The letter, signed by executive editor Dean Baquet, managing editor Joe Kahn and opinion editor Kathleen Kingsbury, said that The Times’ multimedia expansion could end up competing for time with any number of their staffers’ side hustles.

Danielle Rhoads Ha, a spokesperson for The Times, told Adweek: “It’s important to note that just because we are asking journalists to bring projects to us for approval doesn’t mean they aren’t allowed, it just means they need to be considered fairly within the context of our policies.”

Bill Baker, the unit chair for the New York Times’ union, said that the NewsGuild of New York was not consulted about this change, calling it a “unilateral decision to implement these policies.” Baker said the union is currently discussing the new policy with the Times.

Casey Newton, who left the Vox Media-owned tech site The Verge recently to author his own newsletter called The Interface, hopes that the new policy doesn’t come at the expense of journalists’ entrepreneurial instincts. 

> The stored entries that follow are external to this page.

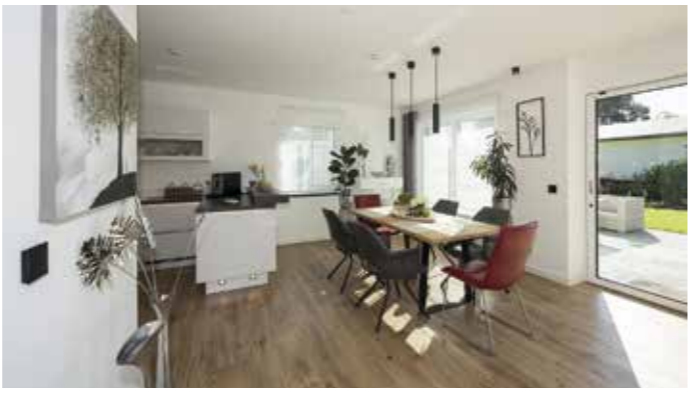
Die Touchpads an den Wänden für die Smarhome-Steuerung sind unauffällig ins Interior integriert und fallen kaum auf.

Komfort in allen Bereichen und einfache Handhabung Bauherren, die Smarhome-Lösungen einplanen, wünschen sich für ihr Eigenheim eine intelligente Steuerung von Heizung, Klimaanlage und Lüftung. So können beispielsweise Fenster, die sich je nach Luftqualität und Temperatur selbst öffnen und schließen, mit der Heizung gekoppelt werden. Einzelne Räume werden nur so warm, wie die Bewohner es zum Wohnen oder Schlafen wünschen. Brennt die Sonne, senken sich Jalousien und Markisen automatisch. Ebenso praktisch: Lichter schalten sich selbst aus, wenn niemand im Raum ist. Bewe-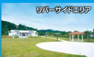
リバーサイドエリア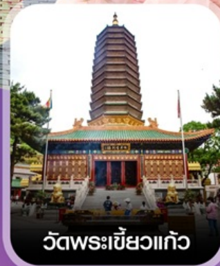
วัดพระเขี้ยวแก้ว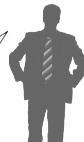
Клиентская служба банка

“Newsrooms should have standards, and it’s not a bad idea for them to have a set process for starting side projects like newsletters,” Newton told Adweek. “But my own experience taught me that having a newsletter made me a much better beat reporter, so I hope The Times and other newsrooms continue to encourage experimentation and let journalists investigate new approaches for building audiences and driving attention to their work.” 

Rob Ristagno, the founder and CEO of media consultancy The Sterling Woods Group, said The Times could help reporters build their own brands “on the back of the New York Times brand.”

“I’d want to understand [reporters’] underlying desire to launch such a newsletter and help them meet those needs within the four walls of The New York Times,” he said.

But the news has caused some grief internally. One Times reporter, on condition of anonymity, sympathized with scrutiny over paid outside work but said the new policy was “ridiculous” and was a failure on the part of management to understand personal branding and promotion on the internet.

“They want us to build online audiences that drive traffic for them, but then they want to insert themselves in it,” the reporter said. Another reporter told Adweek they felt the policy was understandable and “fairly standard.”

The Times has emphasized its subscription strategy in recent years but still relies heavily on advertising which has been under pressure, earning $392.4 million in advertising in 2020.

Greg James, global chief strategy officer at Havas Media Group told Adweek that writers’ side projects like these have little bearing on whether an agency spends money with a media organization. However, he added, “Advertisers should indeed pay more attention to exactly where their ads run and what sorts of content they, in turn, indirectly fund.”

Setting the standard

Before the newsletter craze fully took off in 2019, one Times journalist told Vanity Fair the company had become a “book deal factory” and management was scrambling to control the influx of demand from publishers wanting Times talent for book deals. A source inside The Times said there’s been a scramble in recent weeks to sell books and film projects related to the Gamestop meme-stock story.

Tuesday’s policy is a step in the same direction, albeit with newer media forces apparent, to try to control one unavoidable issue: The Times is a massive multimedia empire and its employees are bonafide stars.

“This kind of statement is important because it helps other news organizations down the line look to what are the boundaries for what we can expect for our reporters,” said Nikki Usher, associate professor at University of Illinois’ College of Media, who wrote an ethnography of The Times called Making News at The New York Times when Twitter was the new disrupting force in the newsroom.

“However, this is problematic because the labor instability and fragility of employees at The Times and other top-flight national news organizations are far different than those at a regional daily or even a small local newspaper,” she added. “If what The Times says becomes standard, that could become really problematic for those just starting out at, say, a local TV station.”

This article has been updated to include a statement from the New York Times’ union.